Higher Ocrelizumab Exposure Further Reduces Disability Progression in MS

New data presented at the American Academy of Neurology Annual Meeting show the positive impact of ocrelizumab (Ocrevus, Genentech) in significantly reducing disease progression in relapsing and primary progressive multiple sclerosis (MS).

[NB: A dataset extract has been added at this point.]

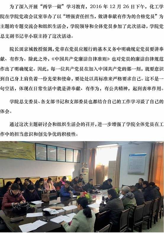 化工学院举办“增强责任担当,做讲奉献有作为的合格党员”研讨会和组织生活会

Ocrelizumab, a humanized monoclonal antibody designed to target CD20-positive B cells, is the first and only therapy with a 6-month dosing approved for patients with relapsing MS (RMS) and primary progressive MS (PPMS). Ocrelizumab is administered by intravenous infusion every 6 months, with the initial dose given as two 300 mg infusions 2 weeks apart, according to Genentech. Subsequent doses are given as single 600 mg infusions.

The findings include long-term data from the phase 3 OPERA and ORATORIO open-label extension (OLE) trials in patients with RMS and PPMS, as well as interim results from the phase 3 Ocrelizumab Biomarker Outcome Evaluation (OBOE).

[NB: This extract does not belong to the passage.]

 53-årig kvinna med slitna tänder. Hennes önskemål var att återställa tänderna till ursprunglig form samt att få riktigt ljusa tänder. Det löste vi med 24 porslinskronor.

Overall, the data showed that higher exposure to ocrelizumab was correlated with lower B-cell levels and lower rates of disability progression in patients. Ocrelizumab was shown to reduce the risk of 24-week confirmed disability progression (CDP) at all exposure levels compared with interferon beta-1a in patients with RMS. In patients with PPMS, ocrelizumab reduced the risk of 24-week CDP at all exposure levels compared with a placebo, according to the study.

In both RMS and PPMS patients, ocrelizumab reduced T1 gadolinium-enhancing and new/enlarging T2 MRI lesions to nearly undetectable levels. The analyses found that patients with RMS also demonstrated reduced annualized relapse rates to low levels across all exposure segments.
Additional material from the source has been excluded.